→ **ENTRIES SUPPLIED**
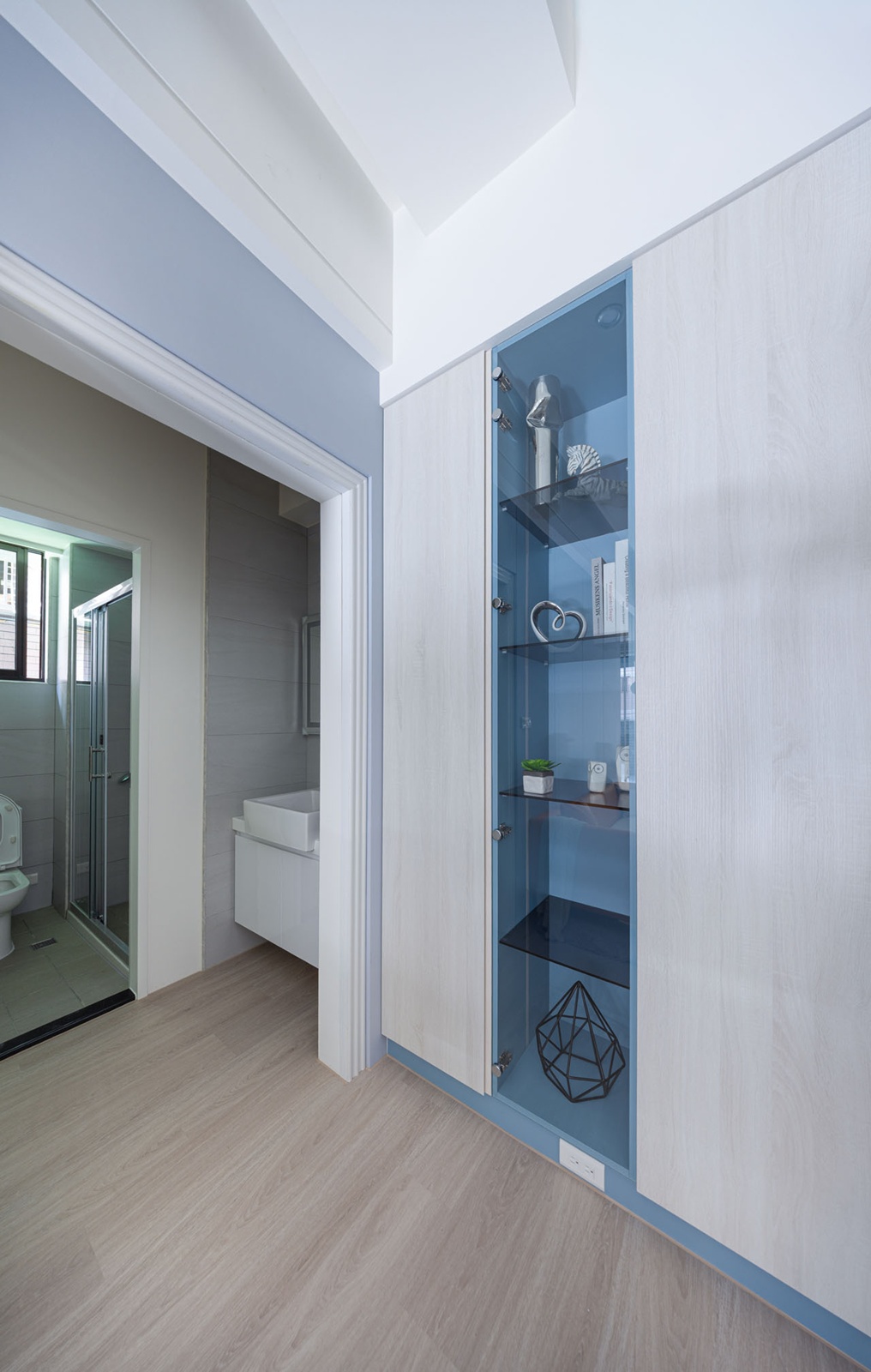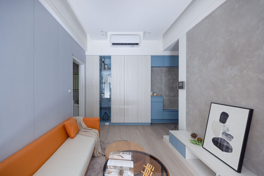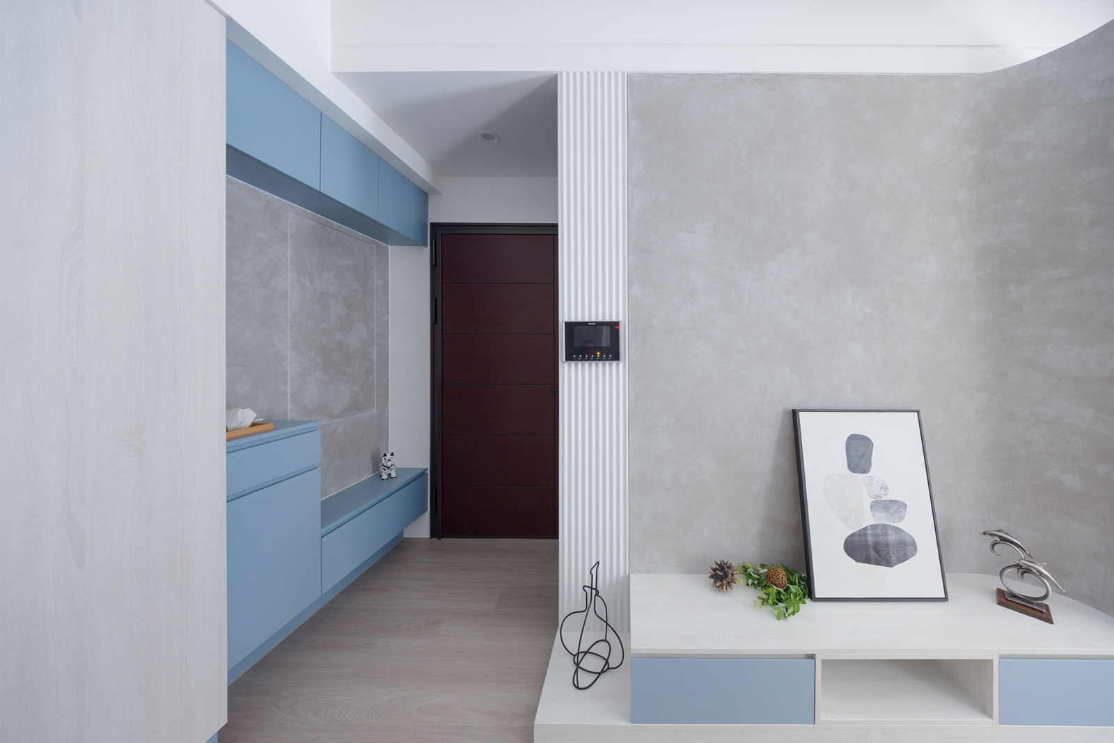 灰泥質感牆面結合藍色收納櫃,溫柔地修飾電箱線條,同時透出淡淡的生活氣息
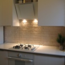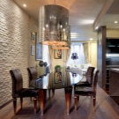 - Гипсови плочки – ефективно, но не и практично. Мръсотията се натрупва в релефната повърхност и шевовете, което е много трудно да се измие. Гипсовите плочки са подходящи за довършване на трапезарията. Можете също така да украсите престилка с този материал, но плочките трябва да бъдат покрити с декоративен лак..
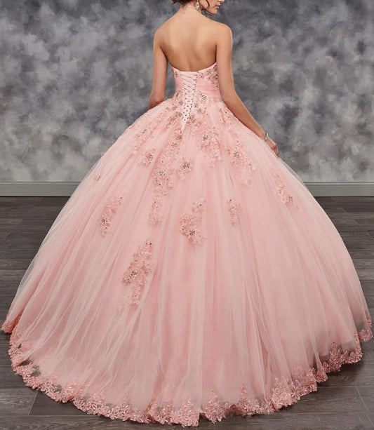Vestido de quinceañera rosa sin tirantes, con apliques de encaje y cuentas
==
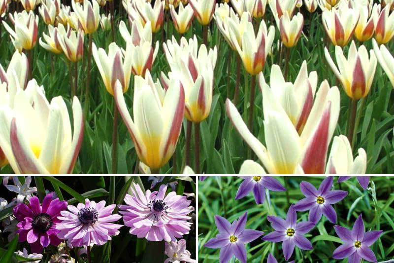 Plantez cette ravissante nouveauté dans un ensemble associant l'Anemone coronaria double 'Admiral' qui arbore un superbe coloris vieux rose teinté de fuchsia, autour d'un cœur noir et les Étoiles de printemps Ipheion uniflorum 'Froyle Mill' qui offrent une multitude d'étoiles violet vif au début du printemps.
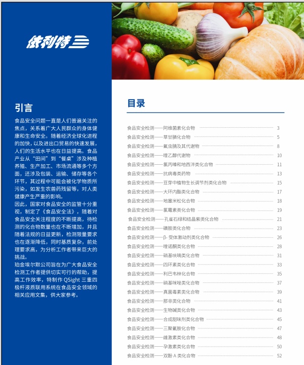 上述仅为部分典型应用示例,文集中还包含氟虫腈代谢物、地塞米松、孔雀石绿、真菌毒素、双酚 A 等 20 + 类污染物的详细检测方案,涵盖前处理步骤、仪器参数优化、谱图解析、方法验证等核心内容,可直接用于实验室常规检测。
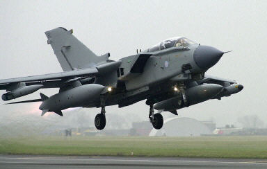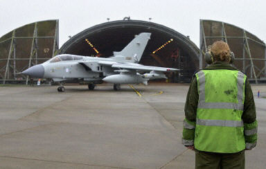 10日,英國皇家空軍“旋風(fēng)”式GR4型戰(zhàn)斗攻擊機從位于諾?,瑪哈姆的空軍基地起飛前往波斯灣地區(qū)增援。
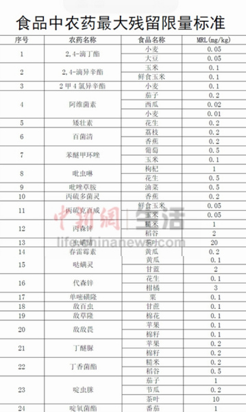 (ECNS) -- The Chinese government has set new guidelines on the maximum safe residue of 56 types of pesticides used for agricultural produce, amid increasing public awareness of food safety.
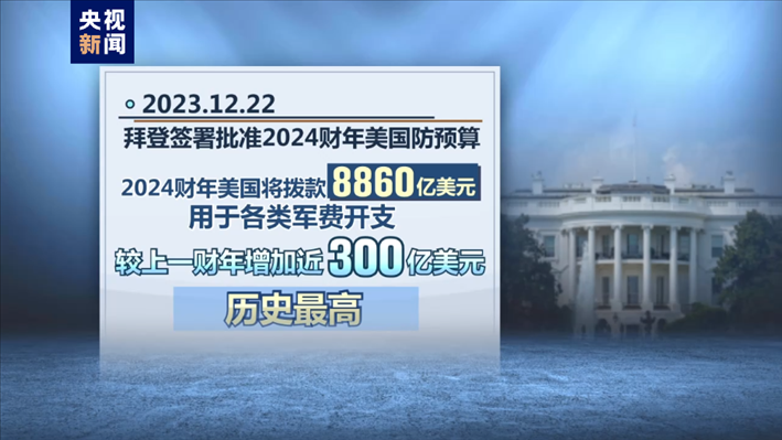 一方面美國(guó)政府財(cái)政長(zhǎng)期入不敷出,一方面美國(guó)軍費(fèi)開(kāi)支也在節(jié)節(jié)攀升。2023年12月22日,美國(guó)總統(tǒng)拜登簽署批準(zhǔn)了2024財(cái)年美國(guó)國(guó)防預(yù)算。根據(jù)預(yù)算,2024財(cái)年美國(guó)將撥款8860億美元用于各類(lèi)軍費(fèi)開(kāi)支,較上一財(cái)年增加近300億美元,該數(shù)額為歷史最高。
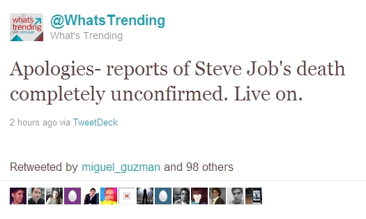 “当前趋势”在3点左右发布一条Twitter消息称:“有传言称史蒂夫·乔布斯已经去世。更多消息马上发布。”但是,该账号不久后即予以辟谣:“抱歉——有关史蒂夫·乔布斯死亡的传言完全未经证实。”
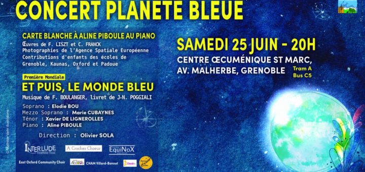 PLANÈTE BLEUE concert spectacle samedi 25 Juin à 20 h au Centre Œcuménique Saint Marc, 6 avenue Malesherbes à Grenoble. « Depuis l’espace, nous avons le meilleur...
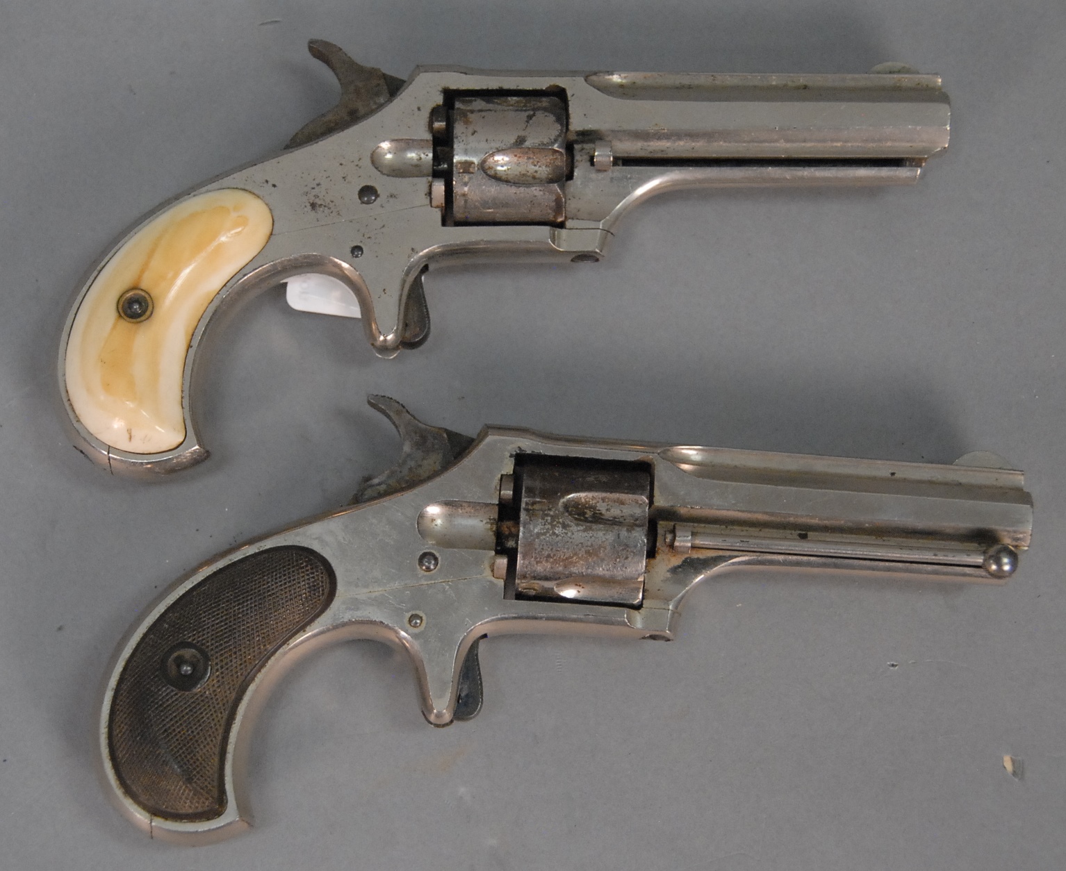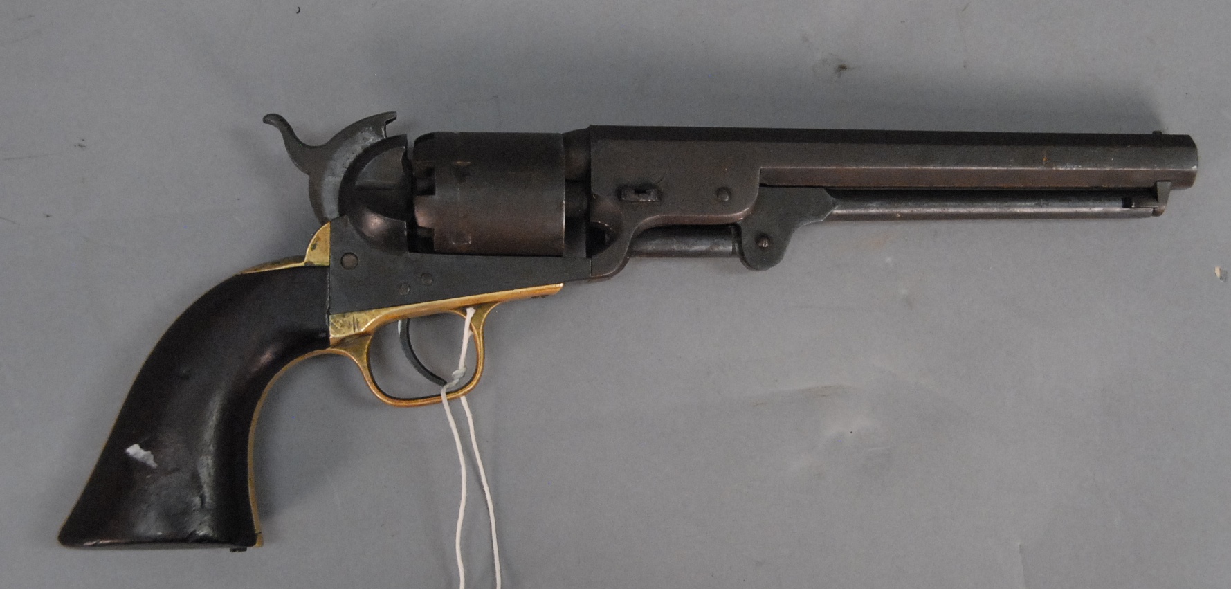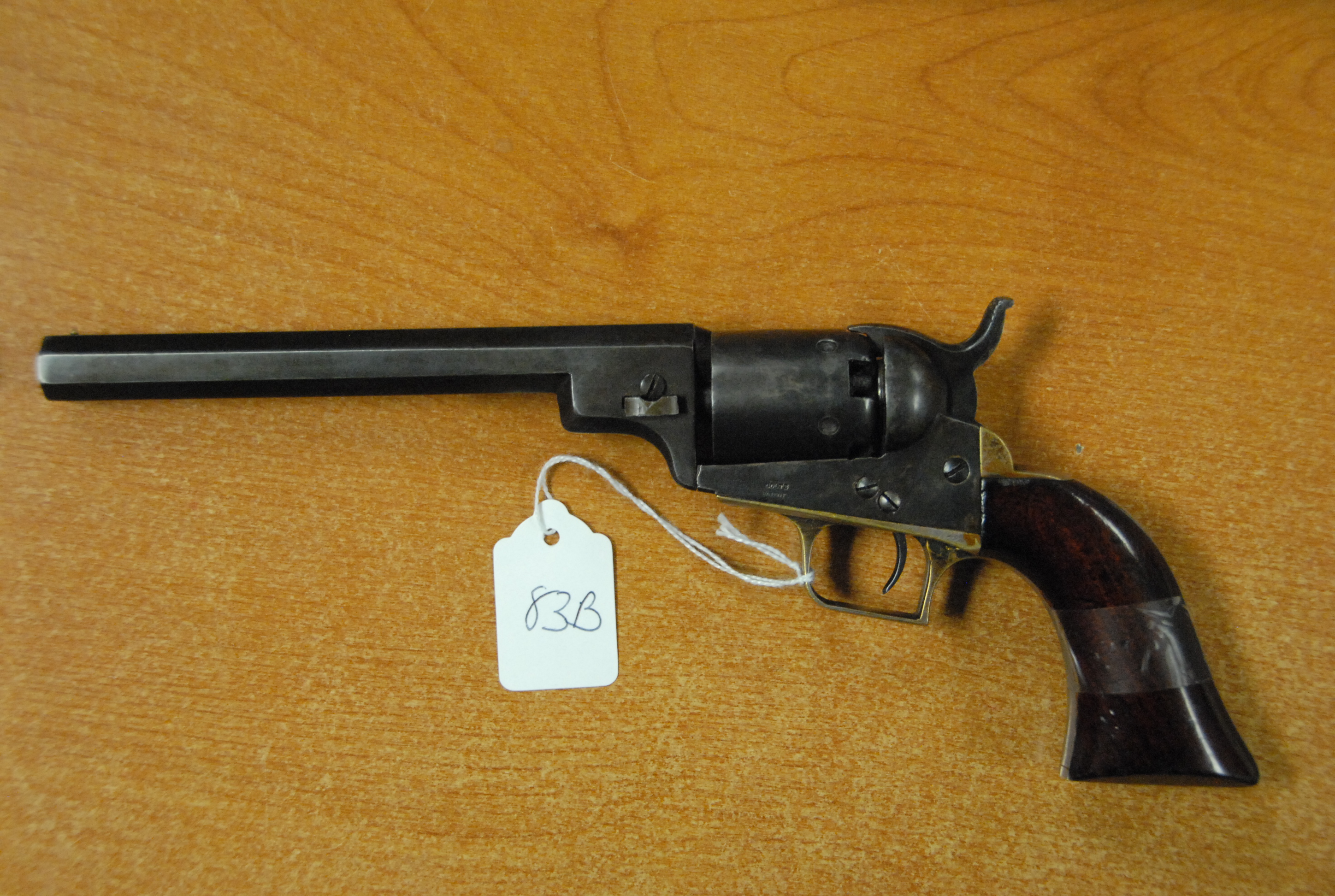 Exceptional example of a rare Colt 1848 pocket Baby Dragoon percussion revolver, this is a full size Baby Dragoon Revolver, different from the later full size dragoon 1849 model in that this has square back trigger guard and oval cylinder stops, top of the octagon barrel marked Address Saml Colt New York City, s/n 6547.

→ **PROBLEM REQUIREMENTS**
Starting at the line that contains "(ECNS) -- The" and ending at the line that contains "Exceptional example of", transcribe the material above exactly, excluding pictures.

→ **RESULT OF THIS EXERCISE**
 (ECNS) -- The Chinese government has set new guidelines on the maximum safe residue of 56 types of pesticides used for agricultural produce, amid increasing public awareness of food safety.
 一方面美國(guó)政府財(cái)政長(zhǎng)期入不敷出,一方面美國(guó)軍費(fèi)開(kāi)支也在節(jié)節(jié)攀升。2023年12月22日,美國(guó)總統(tǒng)拜登簽署批準(zhǔn)了2024財(cái)年美國(guó)國(guó)防預(yù)算。根據(jù)預(yù)算,2024財(cái)年美國(guó)將撥款8860億美元用于各類(lèi)軍費(fèi)開(kāi)支,較上一財(cái)年增加近300億美元,該數(shù)額為歷史最高。
 “当前趋势”在3点左右发布一条Twitter消息称:“有传言称史蒂夫·乔布斯已经去世。更多消息马上发布。”但是,该账号不久后即予以辟谣:“抱歉——有关史蒂夫·乔布斯死亡的传言完全未经证实。”
 PLANÈTE BLEUE concert spectacle samedi 25 Juin à 20 h au Centre Œcuménique Saint Marc, 6 avenue Malesherbes à Grenoble. « Depuis l’espace, nous avons le meilleur...
 Exceptional example of a rare Colt 1848 pocket Baby Dragoon percussion revolver, this is a full size Baby Dragoon Revolver, different from the later full size dragoon 1849 model in that this has square back trigger guard and oval cylinder stops, top of the octagon barrel marked Address Saml Colt New York City, s/n 6547.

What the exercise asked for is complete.